DRAGEN-ML

Setup

Additional setup is not required. ML model files for the hg38 and hg19 human references are packaged with the DRAGEN installer.

•

After the installation, the files will be present in the /opt/edico/resources/ml_model/<ref> folder.

•

DRAGEN-ML is enabled as needed, when running the germline SNV VC.

•

DRAGEN detects the reference used for analysis, and will use the correct model files. If hg38 or hg19 reference types are not detected, then ML recalibration will automatically be disabled and SNV VC falls back to legacy operation.

Command-line Options

Example DRAGEN CMD line options:

--vc-ml-dir=/path/to/package/directory --vc-ml-enable-recalibration=true

Where /path/to/package/directory contains the extracted support files from the package for DRAGEN-ML

Inputs

Since the machine learning model extracts information from the read pile-up, DRAGEN-ML requires a run with BAM or FASTQ input. DRAGEN-ML runs concurrently with DRAGEN SNV VC. DRAGEN-ML can be applied to WGS or WES samples. Re-calibration of existing VCF files is not supported.

Outputs

DRAGEN-ML recalibrates all quality scores, changing the values of the QUAL and GQ fields in the output VCF/GVCF.

•

DRAGEN-ML also updates PL and GP in the output VCF/GVCF.

•

The genotypes (GT field) of some variants may be changed by ML eg, 0/1 to 1/1 or vice versa.

•

DRAGEN-ML PHRED scores are limited to a maximum value of around 60-70. Therefore, the QUAL filtering threshold is set to 3 when DRAGEN-ML is enabled, compared to 10 for DRAGEN-VC when DRAGEN-ML is disabled.

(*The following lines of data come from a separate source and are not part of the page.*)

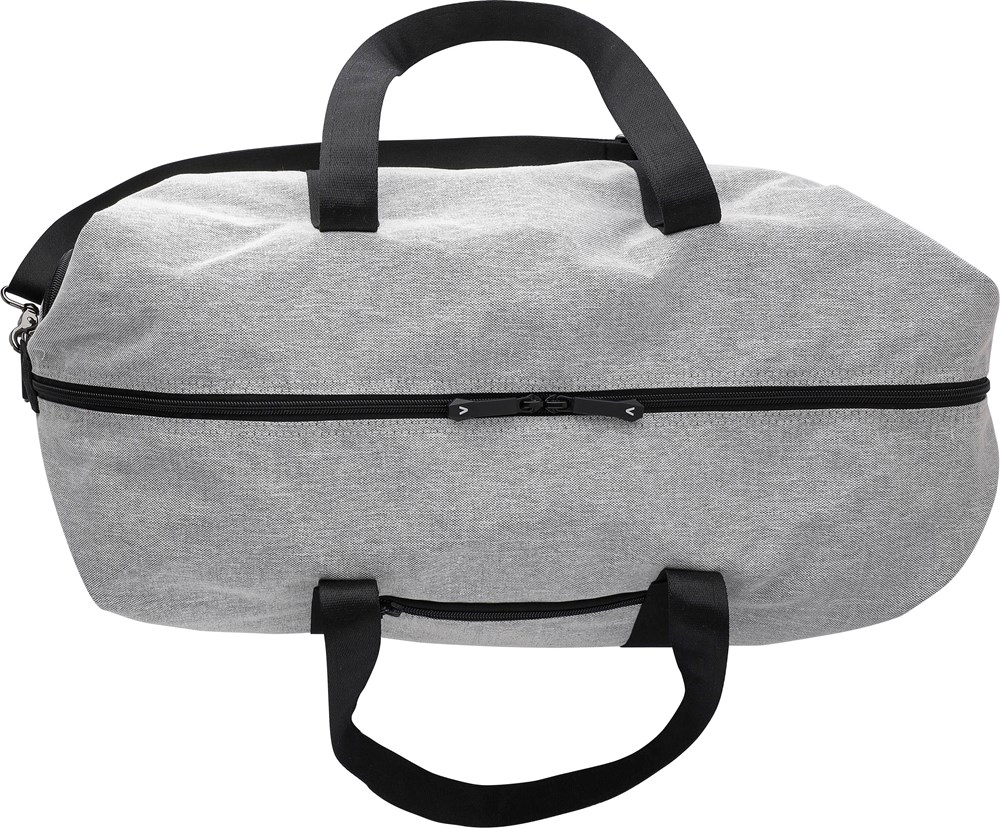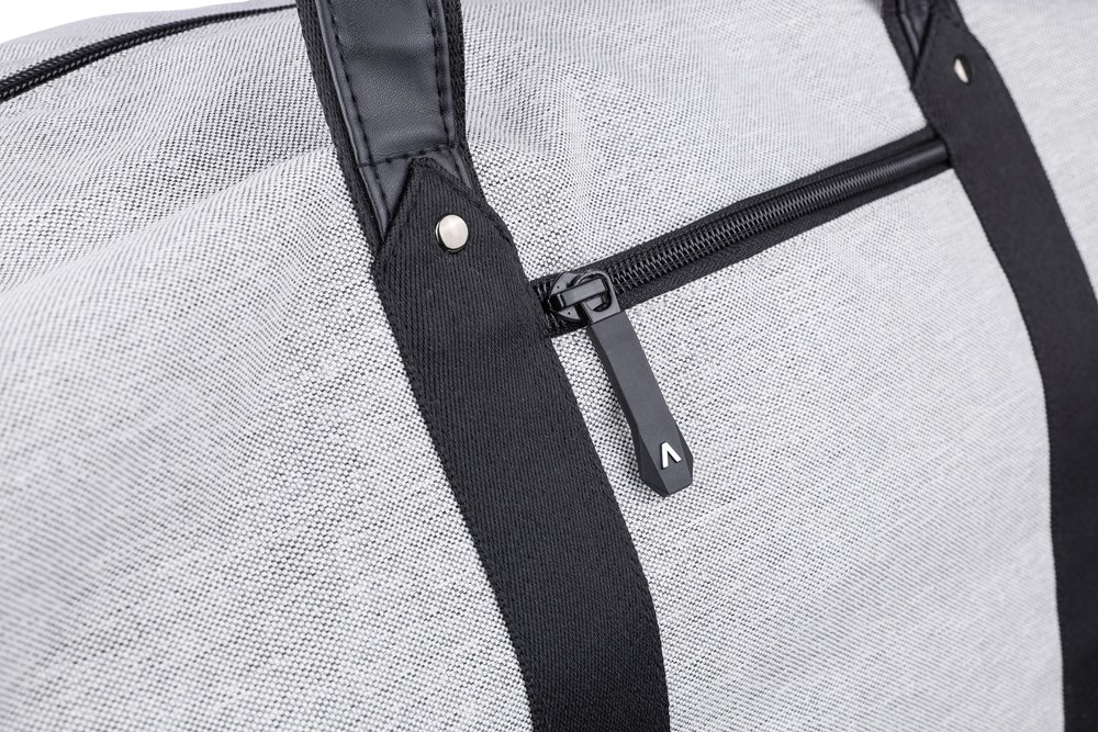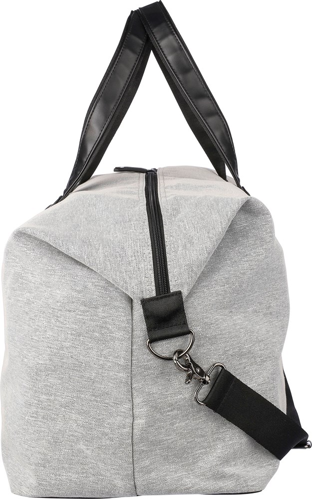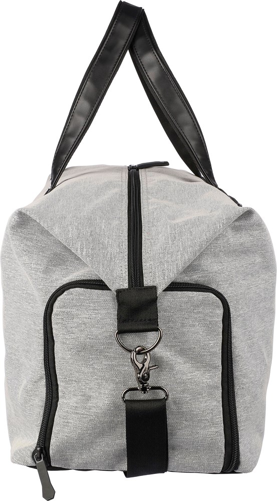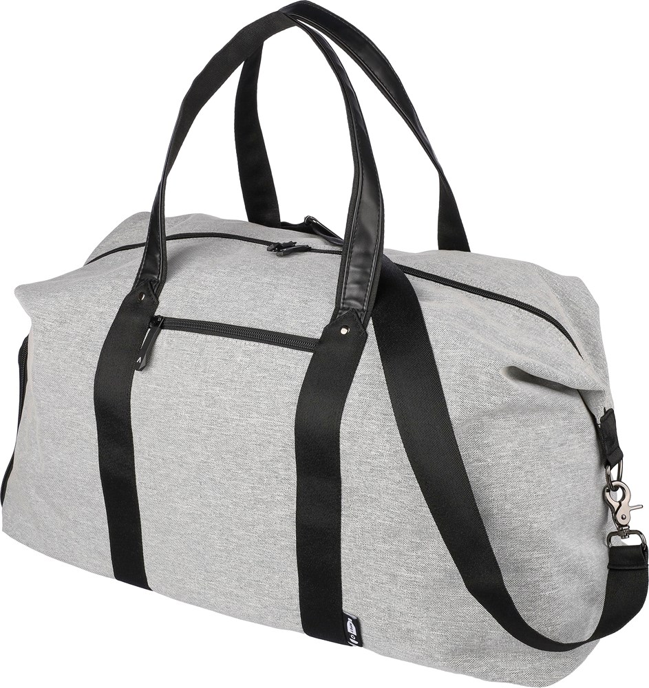 Sac de sport en polyester recyclé 600D avec doublure en PU 150D et rembourage de 4 mm et panneau en PE de 1 mm et attributs en PU avec poche zippée frontale, un grand compartiment et un compartiment à chaussures sur le côté et bandoulière réglable..
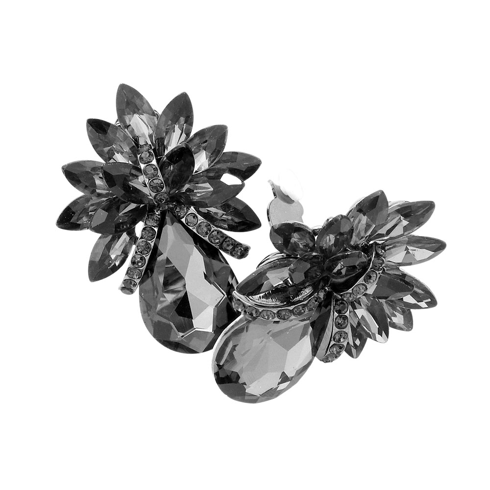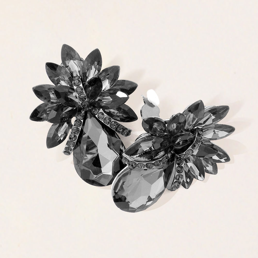 Details • Size : 1.75" X 2.25" • Clip On • Stunning clip-on earrings designed with a leaf cluster arrangement and dazzling crystal accents. These bold statement earrings add a glamorous touch to any outfit, perfect for parties, weddings, and evening events where timeless sophistication meets modern sparkle.
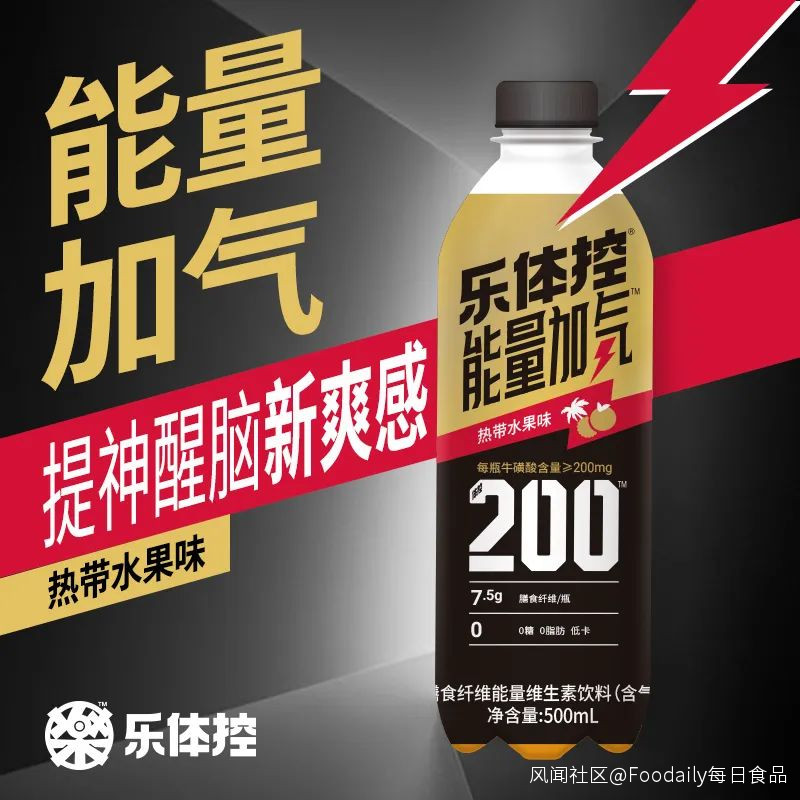 能量加氣牛磺酸維生素飲料為含氣飲料,每瓶500mL牛磺酸含量不少於200mg、膳食纖維含量7.5g,同時0糖0脂肪低卡,以熱帶水果雜果口味打造前中後3種口味基調,口味豐富、暢爽過癮。天貓旗艦店售價15瓶/件/79.9元。

The following variants types are re-calibrated:

•

Biallelic and multiallelic variants

•

Autosomes and sex chromosomes, including haploid positions

•

Force GT calls

•

Non primary contigs

Accuracy Improvements

DRAGEN-ML typically removes 30-50% of SNP FPs, with smaller gains on INDELS. FN counts are reduced by 10% or more. The output QUAL/GQ of DRAGEN-ML is empirically more accurately calibrated than DRAGEN SNV VC without ML. There are significant gains in accuracy statistics across the entire genome with ML enabled. Note that a small number of variant calls may have degraded accuracy with ML enabled compared to VC without ML.

Run time

DRAGEN-ML adds about 10% to the run time compared to runs without ML.